> 3I/ATLAS is thought to have been drifting through interstellar space for many billions of years before encountering our solar system.
It is hard to believe, but it means it’s been a fiery comet for billions of years, how is that possible that it havent burned up…
Well nothing much in hard vacuum is "fiery" - comets in our solar system do get ablated by the solar wind as they orbit the sun more closely; I assume in this case the majority of those billions of years were in deep space where there wasn't much pushing/pulling mass off.
Yeah but then it wouldn’t be drifting would it?
Joke explanation: a drifting vehicle is burning tires and leaving a cloud of smoke behind, like a comet.
Whether it's drifting through space or hammering through at dozens of kilometres a second is rather a matter of perspective. Perhaps as far as it's concerned, its sedate drift has been interrupted by a very ill-mannered solar system making a reckless close pass.
Yes, the solar system is moving (rotating) relative to the galactic core at 230 KM/s, far faster than this object is moving relative to us.
Depending on its origin/history, it’s getting run over by a runaway train, or taking a sedate walk.
Tangentially, I enjoy reminding my kids how long it takes our star to complete a rotation around the Milky Way, and then also point out that we can go to a museum and see fossils of what life looked like one galactic rotation ago. It gives the right amount of backward and forward perspective about the rock we live on that I want them to keep tucked away in the corner of their mind.
This object is "moving" at roughly 58 km/s. It's doing a leisurely Sunday drive and getting overtaken by someone 3x their speed.
Hopefully our solar system isn't making a reckless pass into the path of the fragments from a historic explosion and we're just seeing the first few.
Wind in a vacuum, that's interesting.
Because what makes it glow is actually solar wind from our sun as it passes through the solar system.
For possibly billions of years, it has simply been an inert lump of ice passing through the universe.
It could be extra-galactic.
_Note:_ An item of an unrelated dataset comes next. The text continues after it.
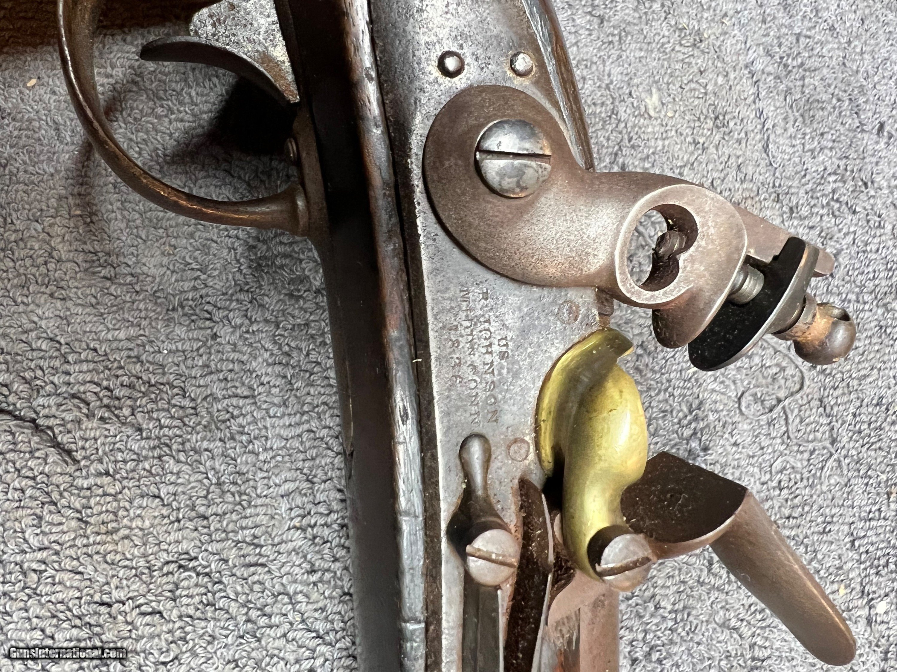 Description: Original 1836 US R Johnson flintlock pistol, good condition, lock and trigger function. Has Not been test fired SOLD Antique: Yes |

It's going at a fair clip, and (if I haven't dropped a zero or ten) it would only take around 800 million years to get here from one of the Magellanic Clouds.
Just as an indicator of the speed and possible distances.
> “But based on the researchers’ analyses of the interstellar object’s vertical motion in the galaxy (its path is known to weave up and down in the galactic disk), they concluded that it likely originated from the Milky Way’s thin disk, not its thick disk as was mentioned some months ago. The thin disk contains somewhat younger objects than the thick disk.”
If it were traveling through interstellar space, it would have been highly irradiated but it would also have been far from any source of heat. From what we know of it so far, it has some strange chemistry going on, but that’s somewhat expected given its estimated age. We’d also need to assume that a few billion years of interstellar radiation would do strange things we haven’t really seen before hence pointing every instrument possible at it.
Comets don’t do anything much until they get close to a star.